We might factcheck a claim that one of our factcheckers spotted in a newspaper. But that claim might have appeared elsewhere in the media and political sphere: how can we then monitor and spot all those other instances? It's good to stop take one inaccurate instance of a claim out of circulation - but better if all instances are put to bed.
We also want to improve our live factchecking systems, so that instead of having to rely on cumbersome spreadsheets detailing all recent factchecks, we can build a system that will find matches of claims we've checked (and the accompanying verdicts) straight away.
There are many parts to this problem. It’s by no means simple, but for the hackathon we decided to break it down into 3 key areas that we needed help with:
- Real-time search
- Pre-processing of numbers
- Stacked tokens
Real-time search
Luwak is a stored query engine developed by Flax, it lets you search a rapid stream of documents to find whatever you might be looking for. In our case: factual claims.
The hackathon team made it possible for us to deploy Luwak as a component of our automated factchecking tools. This means we can process information in real-time for live factchecking.
For us this was a complete game changer. It means that we can start to build Full Fact Live. Full Fact Live will be a tool that takes a live stream, like the subtitles on Prime Minister’s Questions, and highlights claims that we’ve factchecked before. This means we can react faster when it matters most.

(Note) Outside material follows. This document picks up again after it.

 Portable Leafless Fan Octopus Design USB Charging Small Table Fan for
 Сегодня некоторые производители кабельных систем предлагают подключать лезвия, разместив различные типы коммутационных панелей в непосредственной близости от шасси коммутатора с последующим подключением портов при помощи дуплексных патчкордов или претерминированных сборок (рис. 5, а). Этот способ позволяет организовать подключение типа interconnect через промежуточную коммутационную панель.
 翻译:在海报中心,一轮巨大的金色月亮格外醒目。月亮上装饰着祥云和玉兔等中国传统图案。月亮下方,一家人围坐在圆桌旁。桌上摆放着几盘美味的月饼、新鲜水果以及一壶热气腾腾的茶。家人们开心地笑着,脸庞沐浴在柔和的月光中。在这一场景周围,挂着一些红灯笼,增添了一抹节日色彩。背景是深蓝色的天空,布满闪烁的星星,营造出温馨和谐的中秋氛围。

Huge thanks to the Luwak team at the hackday which included: Alan, Michael S., Jean-Francois, Michael K., Oliver, Emmanuel, Tom & Gerry. (Yes, really! We made sure they sat next to each other.)
Pre-processing
We need the ability to tell our factchecking tools that “eleven million” is the same as “11 million” is the same as “11,000,000”. Converting words to numbers sounds like an easy problem but as the pre-processing team found out it’s not so easy. The best code they could find didn’t support fractions, or ranking words like “first” or “second”.

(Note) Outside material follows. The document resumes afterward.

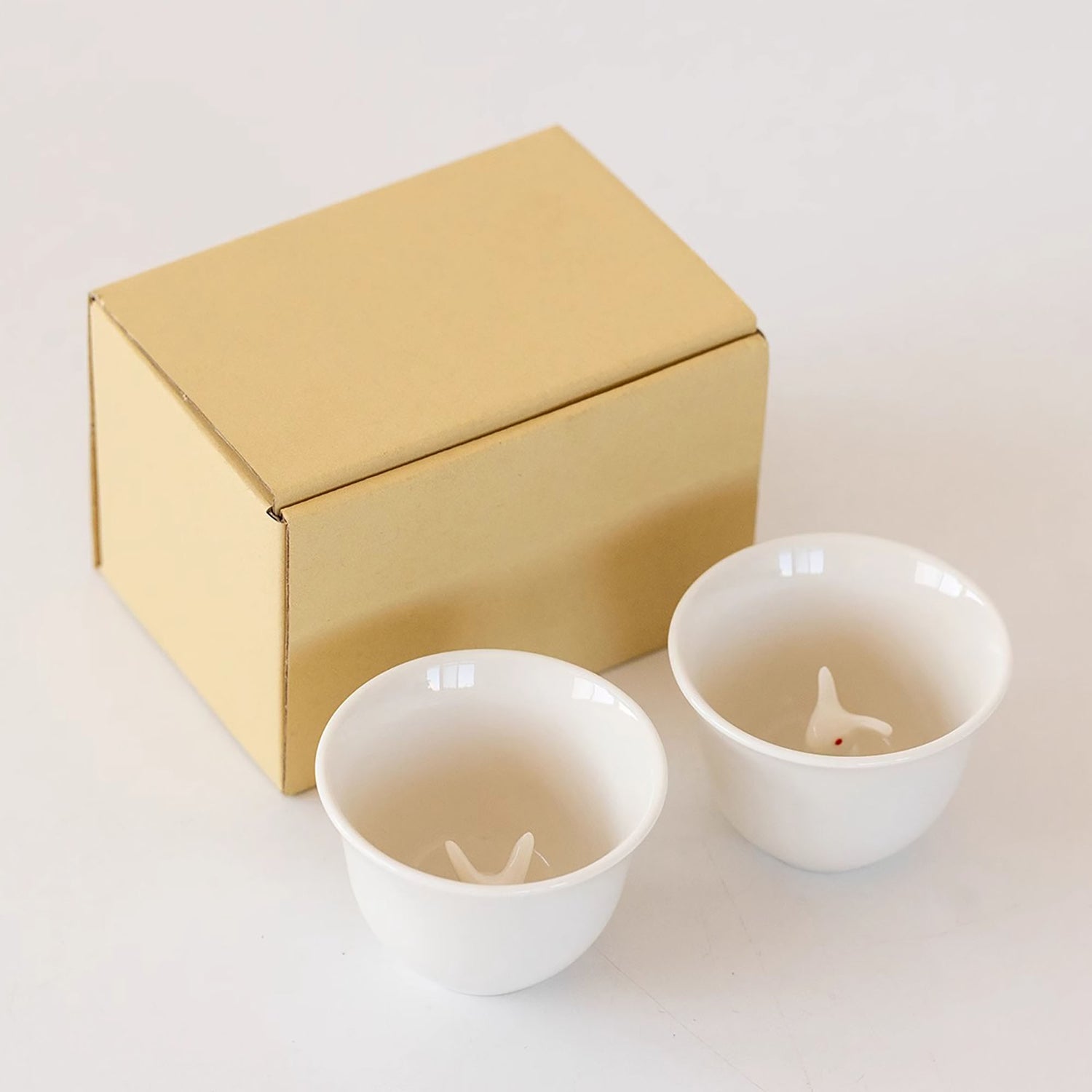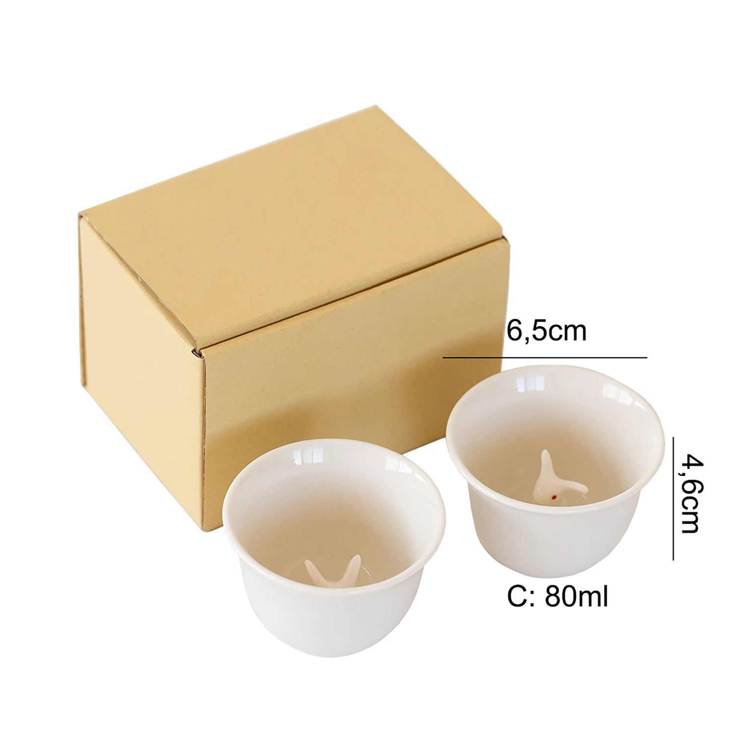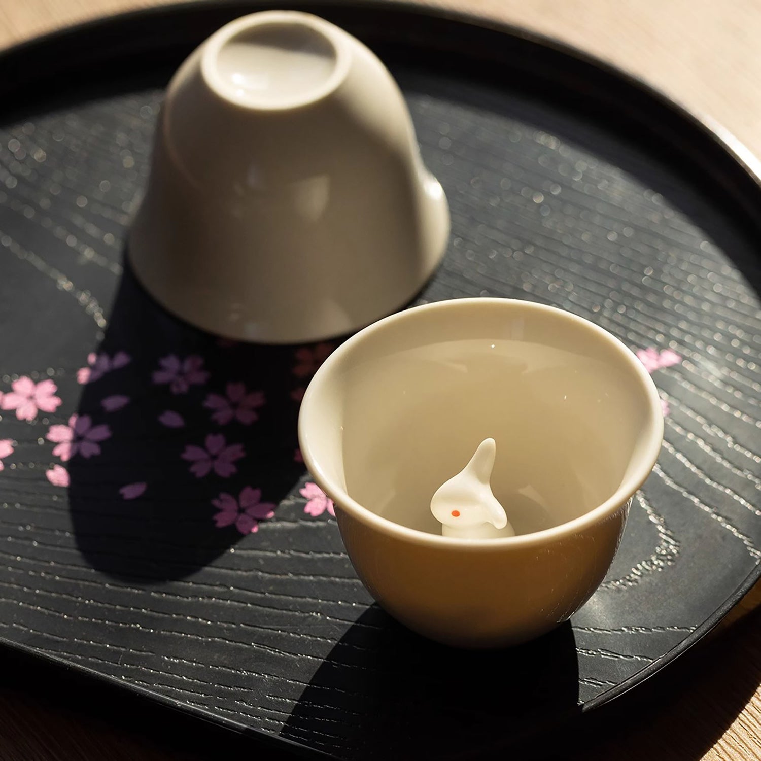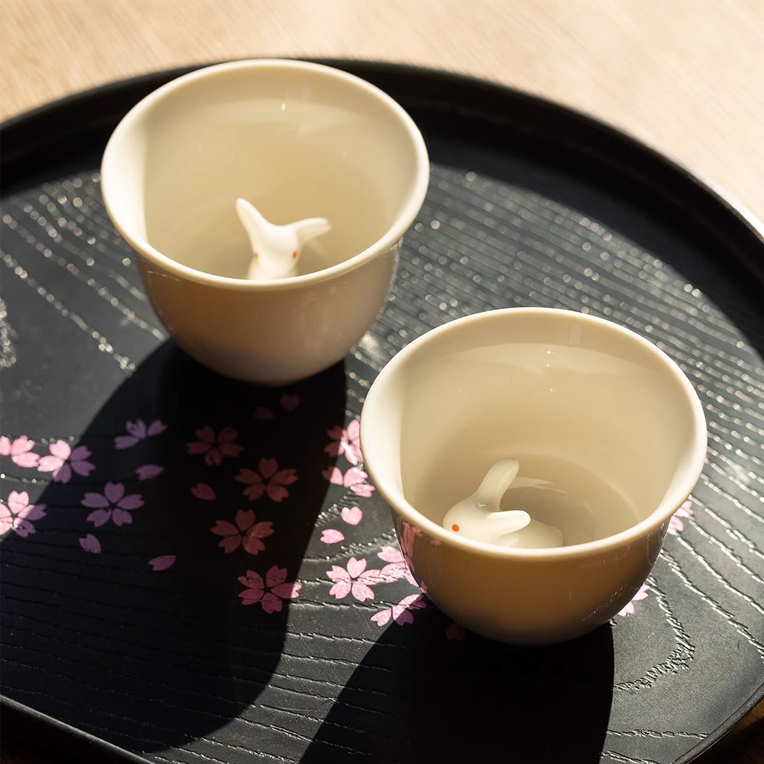 Discover these elegant white porcelain sake cups, from the Mino-yaki tradition, enhanced by a charming rabbit embossed inside each cup. Two adorable rabbit postures – standing and lying – add a playful and lively touch to your table.

Why is pre-processing important? It means that we can match much more accurately with much less human effort than was possible before.
By the end of the day the team had made some important decisions, identified some awkward edge cases, and started to think about how we could adapt the system for other countries. It helped to have Spanish-speaking Pablo Fernandez from Chequeado, the Argentinian factchecking organisation, with us that week!
One of our roadmap principles is ‘Think global’, and from the start we want to think through how to make automated factchecking work in different languages and contexts.
We’d like to thank the brilliant pre-processing team which included Derek, Jenna, Stanislav, Pablo, Phoebe and Andy. For more detail you can read Derek’s blogpost.
Stacked tokens
This was the most experimental of the projects. We wanted to be able to automatically detect phrases like “something is rising” where “something” is a noun phrase or similar. This could for example be “crime is rising”.
This is phase two of our plans, not just being able to identify claims we’ve factchecked already, but being able to spot claims that we can automatically check too.
The team of Solr experts here have really helped us grapple with one of the big future challenges and given us the ability to work out how to take the next steps towards ever more nuanced types of searches.
Thanks to Christine, Alessandro, Andy and Periklis for taking this on!
Thank you
We are so grateful to everyone who attended and made our problems their own. We really didn’t think we could accomplish so much in one day. Huge thanks to the Apache Solr user group and beyond, Facebook who hosted us (and kept us well watered and fed), and special thanks to Flax for organising the day and for their continued support in helping us push forward the boundaries of automated factchecking.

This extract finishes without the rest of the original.